Let’s explained the naming convention.

('model.decoder.norm_2', 0, 'I') -- ((T1s2x30x16,),{})
            |            |   |
            |            |   +--> input, the format is args, kwargs
            |            |
            |            +--> iteration, 0 means the first time the execution
            |                 went through that module
            |                 it is possible to call multiple times,
            |                 the model to store more
            |
            +--> the name given to function steal_forward

The same goes for output except 'I' is replaced by 'O'.
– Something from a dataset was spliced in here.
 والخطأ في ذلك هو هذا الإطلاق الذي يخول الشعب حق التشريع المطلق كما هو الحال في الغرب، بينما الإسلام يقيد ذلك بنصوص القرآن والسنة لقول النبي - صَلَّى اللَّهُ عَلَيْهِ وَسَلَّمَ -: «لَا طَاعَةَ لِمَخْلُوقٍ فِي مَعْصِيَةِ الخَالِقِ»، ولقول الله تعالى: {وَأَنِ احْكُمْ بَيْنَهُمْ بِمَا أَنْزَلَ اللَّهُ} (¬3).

('model.decoder.norm_2', 0, 'O') -- T1s2x30x16

This trick can be used to compare intermediate results coming from pytorch to any other implementation of the same model as long as it is possible to map the stored inputs/outputs.

Conversion to ONNX

The difficult point is to be able to map the saved intermediate results to intermediate results in ONNX. Let’s create the ONNX model.
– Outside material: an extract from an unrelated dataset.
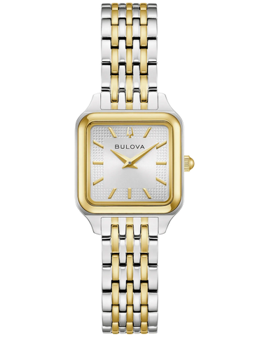 Timeless design meets modern flair with the Bulova ladies’ Classic Sutton Square. A graceful accent to any ensemble, the petite two tone gold- and silver-tone stainless steel case has a soft square silhouette. A silver-white sunray dial provides the foundation for the time, which is indicated by polished gold-tone dauphine hands and applied hour markers set upon an engaging translucent...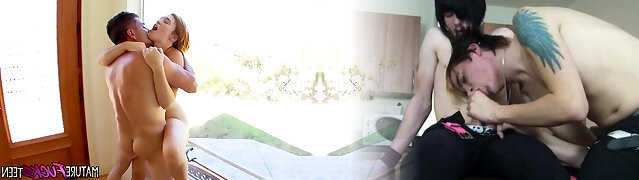 Lovely teen and mature couple threesome sex

epo = torch.onnx.export(model, inputs, dynamic_shapes=ds, dynamo=True)
epo.optimize()
epo.save("plot_dump_intermediate_results.onnx")
[torch.onnx] Obtain model graph for `LLM([...]` with `torch.export.export(..., strict=False)`...
[torch.onnx] Obtain model graph for `LLM([...]` with `torch.export.export(..., strict=False)`... ❌
[torch.onnx] Obtain model graph for `LLM([...]` with `torch.export.export(..., strict=True)`...
[torch.onnx] Obtain model graph for `LLM([...]` with `torch.export.export(..., strict=True)`... ❌
[torch.onnx] Obtain model graph for `LLM([...]` with `torch.export draft_export`...
[torch.onnx] Obtain model graph for `LLM([...]` with `torch.export draft_export`... ✅
[torch.onnx] Run decomposition...
[torch.onnx] Run decomposition... ✅
[torch.onnx] Translate the graph into ONNX...
[torch.onnx] Translate the graph into ONNX... ✅
Applied 4 of general pattern rewrite rules.

Discrepancies

We have a torch model, intermediate results and an ONNX graph equivalent to the torch model. Let’s see how we can check the discrepancies. First the discrepancies of the whole model.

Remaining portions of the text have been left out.